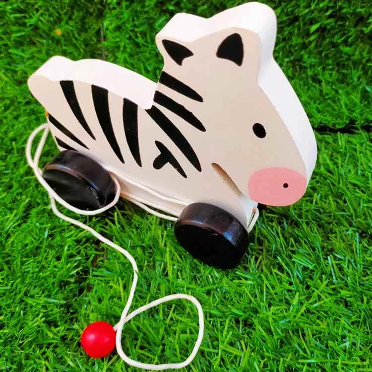 Pull Along Wooden Zebra Toy with Rope
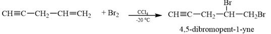 b) Khi cho hydrocarbon trên tác dụng với bromine trong CCl4 ở −20 °C thu được 4,5-dibromopent-1-yne theo phương trình phản ứng:
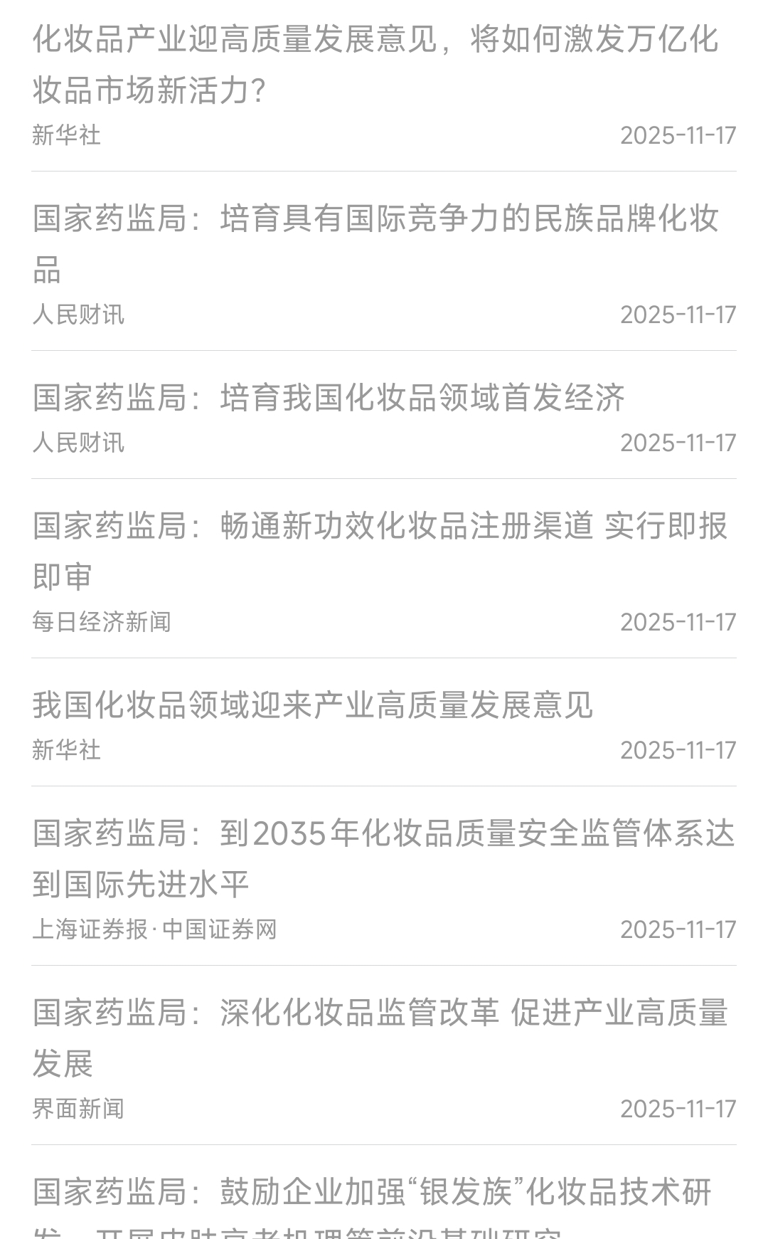 $珀莱雅(SH603605)$ 《国家药监局关于深化化妆品监管改革促进产业高质量发展的意见》提出,促进化妆品银发经济发展。鼓励企业加强“银发族”化妆品的技术研发,开展皮肤衰老机理等前沿基础研究。支持适合老年群体特点和需求的化妆品开发应用和注册备案,满足老年群体多样化消费需求。
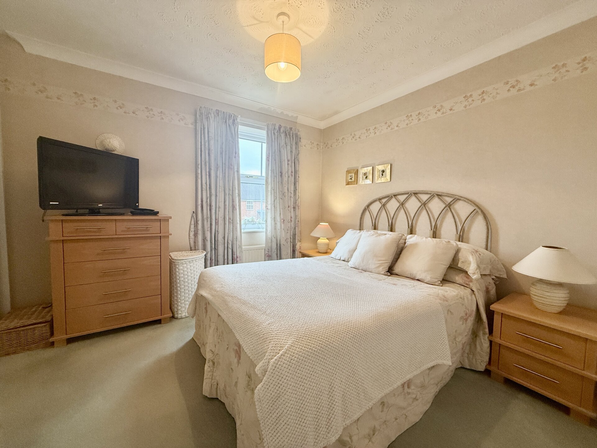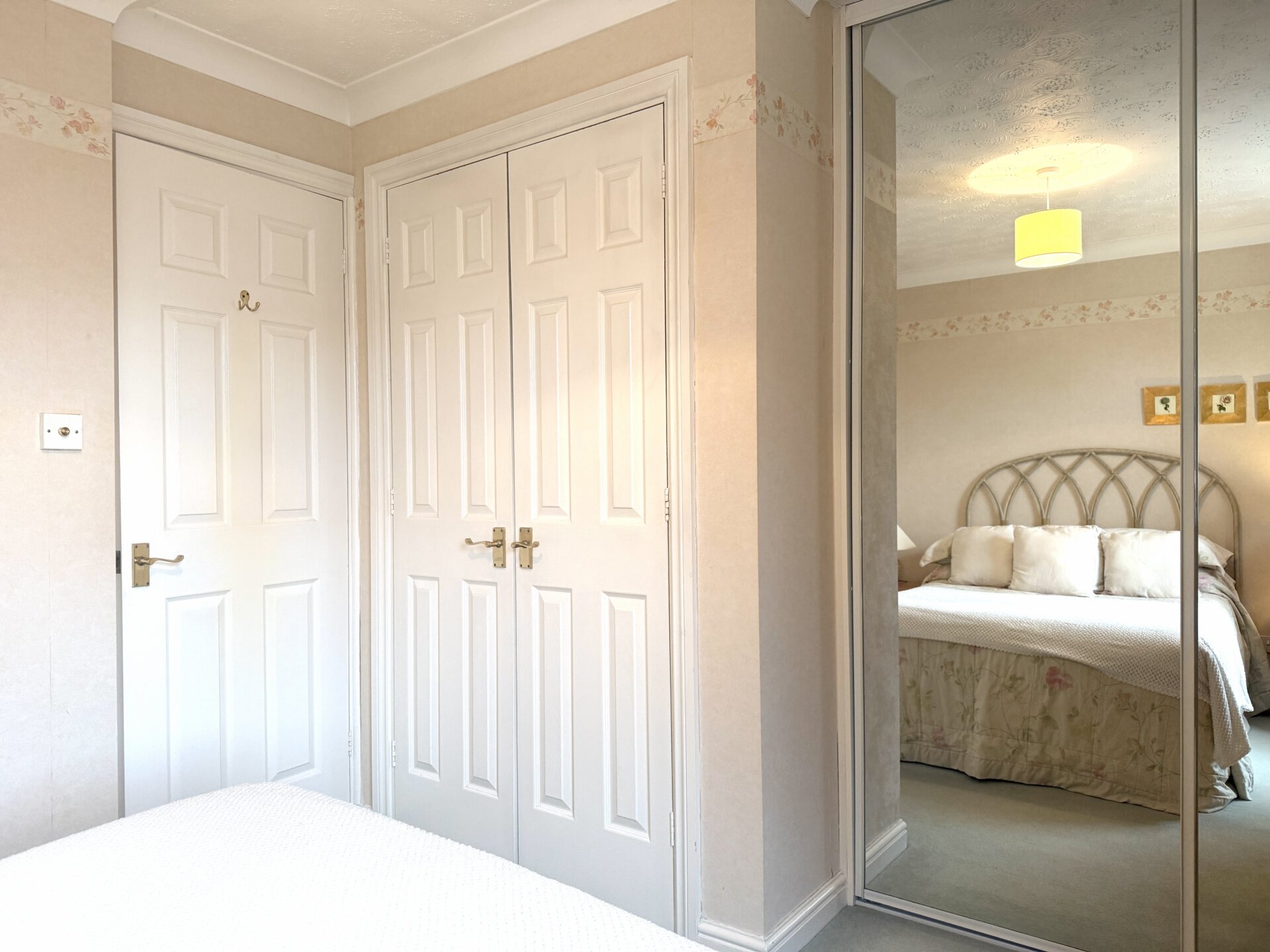 Bedroom one is a double room positioned to the front elevation, featuring a window to the front, radiator, carpet and neutral décor. A well-maintained space offering ample storage, including internal double doors opening to a deep airing cupboard and a double sliding mirrored wardrobe.

> _What is being asked_
This task asks for the data above repeated exactly, without a single picture.

> _Reply_
 Pull Along Wooden Zebra Toy with Rope
 b) Khi cho hydrocarbon trên tác dụng với bromine trong CCl4 ở −20 °C thu được 4,5-dibromopent-1-yne theo phương trình phản ứng:
 $珀莱雅(SH603605)$ 《国家药监局关于深化化妆品监管改革促进产业高质量发展的意见》提出,促进化妆品银发经济发展。鼓励企业加强“银发族”化妆品的技术研发,开展皮肤衰老机理等前沿基础研究。支持适合老年群体特点和需求的化妆品开发应用和注册备案,满足老年群体多样化消费需求。
 Bedroom one is a double room positioned to the front elevation, featuring a window to the front, radiator, carpet and neutral décor. A well-maintained space offering ample storage, including internal double doors opening to a deep airing cupboard and a double sliding mirrored wardrobe.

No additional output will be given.